Evang. Luth. Pfarrkirche
Gnodstadt hatte einst eine Umwallung aus Gräben und Türmen (Anfang des 19. Jh. abgebaut), auch der Kirchhof war befestigt. Der Turm der Kirche ist in das 13. Jh. zu datieren, der Helm stammt von 1577. Der spätgotische Chor wurde 1492 errichtet. Auch das Langhaus ist im Kern gotisch, wurde aber im 18. Jh. verändert. Im Innern finden sich im Norden und Westen zwei- und dreigeschossige Emporen.
An der nördlichen, mittleren Emporenbrüstung wurden bei der letzter Erneuerung Gemälde mit Passionsszenen freigelegt.
 Freskenreste am Chorbogen zeigen zwei Engel mit Leidenswerkzeugen. Von der Ausstattung der hübschen Dorfkirche seien noch erwähnt: Der Altar von ca. 1680 mit einer Abendmahlsdarstellung, der Taufstein, eine Steinmetzarbeit von 1597, und eine Reihe von gut gearbeiteten Pfarrersepitaphien (1617-1708).

Rathaus
Ein Rathaus wird schon für das Jahr 1463 genannt.
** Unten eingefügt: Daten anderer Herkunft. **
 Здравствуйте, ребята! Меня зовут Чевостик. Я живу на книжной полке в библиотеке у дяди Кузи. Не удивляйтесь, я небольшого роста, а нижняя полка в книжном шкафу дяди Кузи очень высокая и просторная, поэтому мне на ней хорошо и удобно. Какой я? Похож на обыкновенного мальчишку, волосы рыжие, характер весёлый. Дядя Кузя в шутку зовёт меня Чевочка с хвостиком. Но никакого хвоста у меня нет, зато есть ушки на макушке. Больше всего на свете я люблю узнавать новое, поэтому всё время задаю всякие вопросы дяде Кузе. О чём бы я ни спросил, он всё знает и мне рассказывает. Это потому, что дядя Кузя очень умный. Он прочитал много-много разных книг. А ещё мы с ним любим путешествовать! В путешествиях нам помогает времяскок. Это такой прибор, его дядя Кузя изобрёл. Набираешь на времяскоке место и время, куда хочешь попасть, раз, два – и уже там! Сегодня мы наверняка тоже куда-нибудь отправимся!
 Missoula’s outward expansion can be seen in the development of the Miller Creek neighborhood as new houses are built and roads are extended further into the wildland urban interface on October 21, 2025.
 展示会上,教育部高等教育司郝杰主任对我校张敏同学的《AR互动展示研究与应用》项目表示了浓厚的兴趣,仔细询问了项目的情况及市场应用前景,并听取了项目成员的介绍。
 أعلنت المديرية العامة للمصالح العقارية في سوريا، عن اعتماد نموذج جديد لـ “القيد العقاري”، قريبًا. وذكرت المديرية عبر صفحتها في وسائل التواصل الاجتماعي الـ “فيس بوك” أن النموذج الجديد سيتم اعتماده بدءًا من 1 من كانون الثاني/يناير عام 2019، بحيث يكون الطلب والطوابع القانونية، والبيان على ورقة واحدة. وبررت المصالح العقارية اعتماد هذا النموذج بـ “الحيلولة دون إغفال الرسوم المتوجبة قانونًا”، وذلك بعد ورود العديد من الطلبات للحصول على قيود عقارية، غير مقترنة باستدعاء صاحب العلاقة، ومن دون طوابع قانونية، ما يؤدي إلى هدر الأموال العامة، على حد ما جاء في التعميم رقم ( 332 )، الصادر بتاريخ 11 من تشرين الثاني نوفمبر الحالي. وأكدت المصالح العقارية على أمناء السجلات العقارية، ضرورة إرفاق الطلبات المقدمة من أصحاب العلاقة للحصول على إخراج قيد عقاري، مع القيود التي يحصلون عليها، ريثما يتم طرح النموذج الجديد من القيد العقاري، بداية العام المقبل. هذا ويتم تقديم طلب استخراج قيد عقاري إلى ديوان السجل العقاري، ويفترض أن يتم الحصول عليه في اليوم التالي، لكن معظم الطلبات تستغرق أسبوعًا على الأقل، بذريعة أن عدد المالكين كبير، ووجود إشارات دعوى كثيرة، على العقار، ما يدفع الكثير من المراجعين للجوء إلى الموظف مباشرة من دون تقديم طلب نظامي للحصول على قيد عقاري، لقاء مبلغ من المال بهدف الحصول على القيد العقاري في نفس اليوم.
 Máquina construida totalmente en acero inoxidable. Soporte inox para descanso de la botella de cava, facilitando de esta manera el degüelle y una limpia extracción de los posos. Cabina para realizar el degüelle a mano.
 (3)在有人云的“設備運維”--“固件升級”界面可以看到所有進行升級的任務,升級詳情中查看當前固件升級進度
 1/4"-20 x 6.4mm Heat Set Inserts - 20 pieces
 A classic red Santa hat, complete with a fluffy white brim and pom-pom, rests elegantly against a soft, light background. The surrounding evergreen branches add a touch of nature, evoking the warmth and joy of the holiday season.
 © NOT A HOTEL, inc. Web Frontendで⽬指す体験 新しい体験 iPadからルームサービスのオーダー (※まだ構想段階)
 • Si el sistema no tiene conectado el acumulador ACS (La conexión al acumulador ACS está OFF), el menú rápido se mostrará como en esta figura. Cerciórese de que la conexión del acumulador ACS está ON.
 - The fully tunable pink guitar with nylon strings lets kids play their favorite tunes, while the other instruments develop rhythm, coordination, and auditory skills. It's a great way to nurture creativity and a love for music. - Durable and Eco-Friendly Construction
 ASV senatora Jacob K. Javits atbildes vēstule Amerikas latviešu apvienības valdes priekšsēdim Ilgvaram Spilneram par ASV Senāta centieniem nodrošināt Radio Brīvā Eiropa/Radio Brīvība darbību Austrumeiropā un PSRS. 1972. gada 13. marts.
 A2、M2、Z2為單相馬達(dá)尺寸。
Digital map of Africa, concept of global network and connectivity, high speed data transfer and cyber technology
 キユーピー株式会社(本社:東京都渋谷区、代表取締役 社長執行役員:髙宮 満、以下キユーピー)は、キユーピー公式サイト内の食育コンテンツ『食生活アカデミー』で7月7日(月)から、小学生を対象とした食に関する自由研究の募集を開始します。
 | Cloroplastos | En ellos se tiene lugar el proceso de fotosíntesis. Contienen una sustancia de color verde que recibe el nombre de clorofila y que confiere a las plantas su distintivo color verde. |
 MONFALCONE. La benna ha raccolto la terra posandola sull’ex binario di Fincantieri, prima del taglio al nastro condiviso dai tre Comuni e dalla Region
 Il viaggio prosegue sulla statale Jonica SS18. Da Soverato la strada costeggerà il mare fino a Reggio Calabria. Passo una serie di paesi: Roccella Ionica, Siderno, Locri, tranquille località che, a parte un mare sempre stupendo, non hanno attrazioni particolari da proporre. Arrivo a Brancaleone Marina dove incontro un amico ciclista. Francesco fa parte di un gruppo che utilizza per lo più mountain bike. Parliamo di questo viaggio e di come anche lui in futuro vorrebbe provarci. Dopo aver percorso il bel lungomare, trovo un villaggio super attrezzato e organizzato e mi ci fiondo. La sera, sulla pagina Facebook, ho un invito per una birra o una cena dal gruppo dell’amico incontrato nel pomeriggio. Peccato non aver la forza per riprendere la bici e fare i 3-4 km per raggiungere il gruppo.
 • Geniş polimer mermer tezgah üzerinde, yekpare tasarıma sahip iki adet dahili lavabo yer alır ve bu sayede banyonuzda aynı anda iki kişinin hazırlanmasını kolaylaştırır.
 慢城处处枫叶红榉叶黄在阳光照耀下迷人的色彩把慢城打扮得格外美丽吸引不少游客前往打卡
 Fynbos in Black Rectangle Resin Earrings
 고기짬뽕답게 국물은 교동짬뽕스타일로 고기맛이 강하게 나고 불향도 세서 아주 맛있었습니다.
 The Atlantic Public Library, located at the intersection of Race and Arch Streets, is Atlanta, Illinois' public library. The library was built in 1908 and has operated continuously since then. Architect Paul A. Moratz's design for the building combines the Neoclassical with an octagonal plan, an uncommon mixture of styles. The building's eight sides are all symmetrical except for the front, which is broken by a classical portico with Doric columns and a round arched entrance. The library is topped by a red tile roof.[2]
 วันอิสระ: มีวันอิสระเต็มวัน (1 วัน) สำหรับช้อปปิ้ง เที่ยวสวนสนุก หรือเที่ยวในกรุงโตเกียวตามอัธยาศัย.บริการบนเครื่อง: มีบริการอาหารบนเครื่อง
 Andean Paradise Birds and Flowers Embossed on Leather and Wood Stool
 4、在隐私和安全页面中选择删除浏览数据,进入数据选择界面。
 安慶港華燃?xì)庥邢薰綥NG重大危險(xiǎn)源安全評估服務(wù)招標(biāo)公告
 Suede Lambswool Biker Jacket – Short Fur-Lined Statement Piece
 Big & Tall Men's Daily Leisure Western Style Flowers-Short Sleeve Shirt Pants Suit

Der heutige Bau entstammt den Jahren 1730-32. Einfaches, einstöckiges Gebäude mit großem Saal.
 

Weitere Denkmäler und Sehenswürdigkeiten


 

Nordwestlich der Ortschaft, am Flurbereinigungsweg nach Ochsenfurt steht ein mächtiger Renaissance- Bildstock von 1586. Der Bildstock wurde im Jahr 2001 umfassend restauriert und die hohe künstlerische Qualität der Martersäule wieder- hergestellt.
In der Ortsmitte befindet sich ein malerischer Dorfbrunnen mit Sinnspruch und Jahreszahl (1920).


 

Auf der Bundesstraße 13, im Zusammenstoß verschiedener Flurmarkungen, steht auf Gnodstadter Gemarkung inmitten der Fahrbahn die "Pyramide". Auf der nach Süden gewandten Seite ist, aus dem Lateinischen ins Deutsche übertragen, folgendes zu lesen:

"Denkmal zur Erinnerung an die Herstellung dieser Staatsstraße, die von dem allergnädigsten Fürsten und Herren Christian Karl Alexander, Markgrafen zu Brandenburg, nicht aus Steuern der Untertanen sondern aus eigenen Mitteln erbaut wurde im Jahre 1766 bis 1773."
Die Pyramide erinnert an den Kunststraßenbau des letzten Markgrafen, der auf seinem Territorium an Stelle der alten ausgefahrenen Heerstraße eine Chausee nach franz. Vorbild anlegen ließ.

Umfassender Text und Bilder!

In Gnodstadt laden zwei Landgasthöfe zum Verweilen ein. An der Brauerei- Gaststätte Düll befindet sich ein schöner Wirtshausausleger, der jüngeren Datums ist, aber barocke Formen aufweist.